Yes, the cached version of your page is the image from Googlebot's last crawl of your page; will reflect. Google crawls and caches web pages at different frequencies. https://www.nytimes.com  the root that makes frequent posts like   and well-known sites Seoart's ythe moment is  http://www.keyword.dev  (wish it was real…) and less It will be crawled more frequently than known sites.

To see what the cached version of your website looks like, click the down arrow next to the URL in the SERP and click the "Cache". You can choose the option.

At the same time, only the text version of your website; You can view if your important content is being scanned and effectively cached.

No&c from the pages directory; will it be removed?
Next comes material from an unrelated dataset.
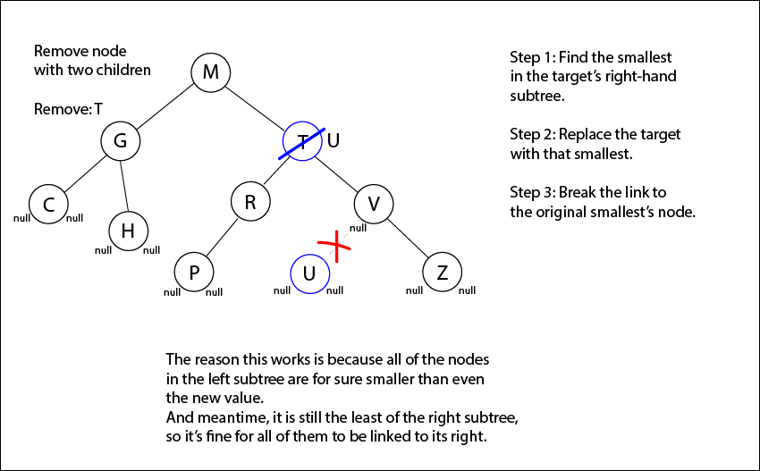 (And one other point is that it also works to move the largest of its left sub-tree to replace the target node.)

Yes, pages can be removed from the index! Here are some of the top reasons why a URL might be removed:

  • URL, a “not found” error (4xx) or server error (5xx). This could be accidental (the page was moved but a 301 redirect was not set up) or intentional (the page was deleted and a 404 was used to remove it from the index). The
  • URL has a non-indexable meta tag. This tag may be an instruction given to search engines by site owners to skip indexing that page.
  • URL was manually penalized for violating the search engine's Webmaster Guide and was subsequently removed from the index
  • URL blocked from crawling visitors with a password added as required before accessing the page

If you think that a page of your website that was previously in Google's index no longer appears in the index, you can use the URL Inspection tool to see the status of the page, or you can use the URL Inspection tool that indexes the URLs one by one. “Request Indexing” in Fetch as Google You can use the feature. (Bonus: Google Search Console's "fetch" tool also lets you view potential issues with how Google interprets your page with the "render" option)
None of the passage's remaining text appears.